> [Source material]
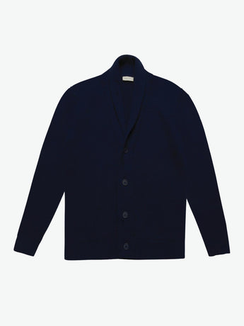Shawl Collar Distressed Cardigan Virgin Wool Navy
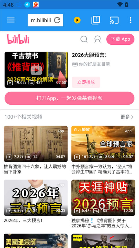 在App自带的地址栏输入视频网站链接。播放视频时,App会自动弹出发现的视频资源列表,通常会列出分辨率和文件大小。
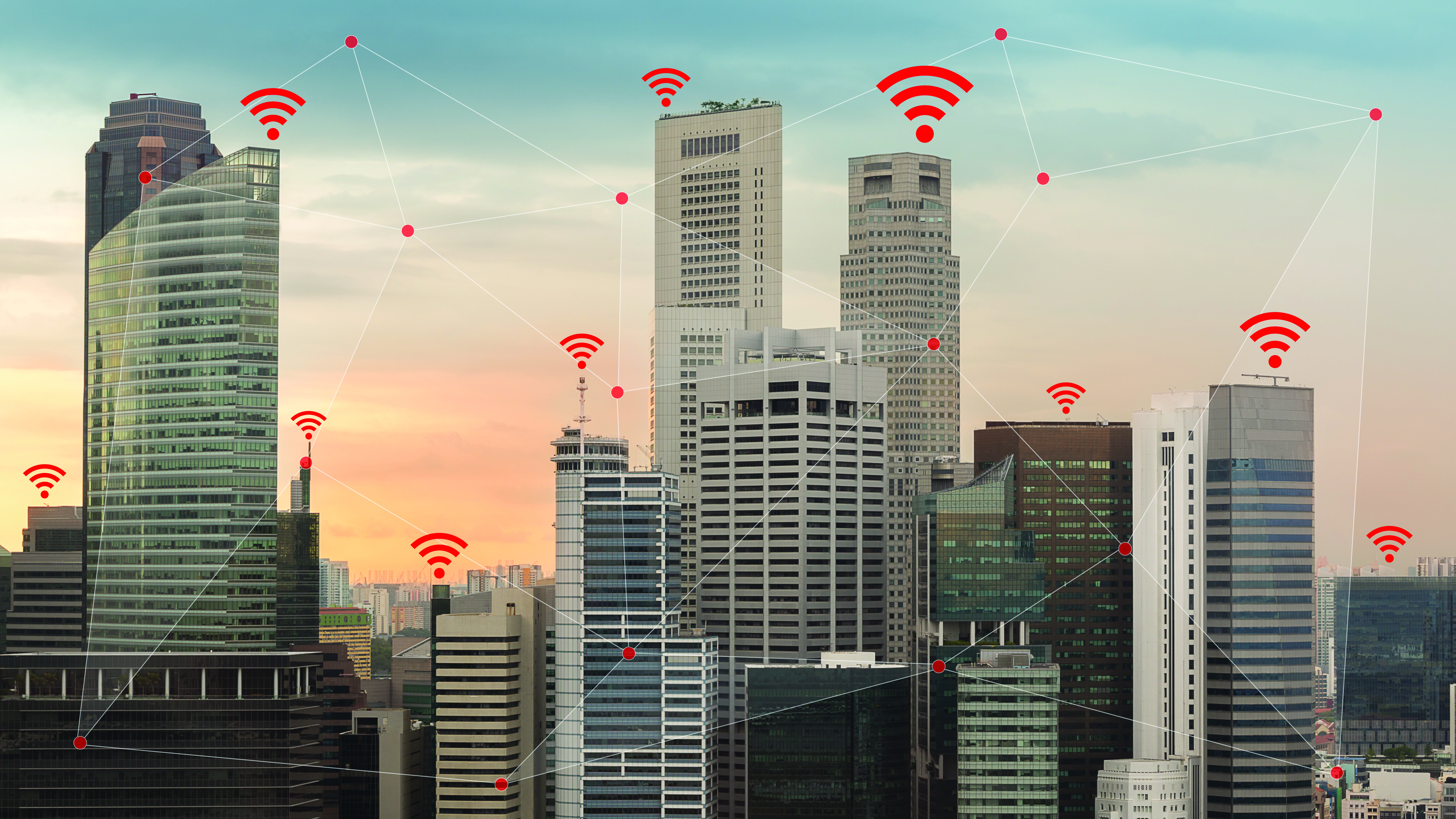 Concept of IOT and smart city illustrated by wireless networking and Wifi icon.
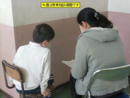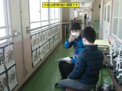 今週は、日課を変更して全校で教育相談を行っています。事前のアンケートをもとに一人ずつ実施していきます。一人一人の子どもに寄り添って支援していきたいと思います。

> [What you are asked to do]
Omitting all images, print the listing exactly.

> [Your response]
Shawl Collar Distressed Cardigan Virgin Wool Navy
 在App自带的地址栏输入视频网站链接。播放视频时,App会自动弹出发现的视频资源列表,通常会列出分辨率和文件大小。
 Concept of IOT and smart city illustrated by wireless networking and Wifi icon.
 今週は、日課を変更して全校で教育相談を行っています。事前のアンケートをもとに一人ずつ実施していきます。一人一人の子どもに寄り添って支援していきたいと思います。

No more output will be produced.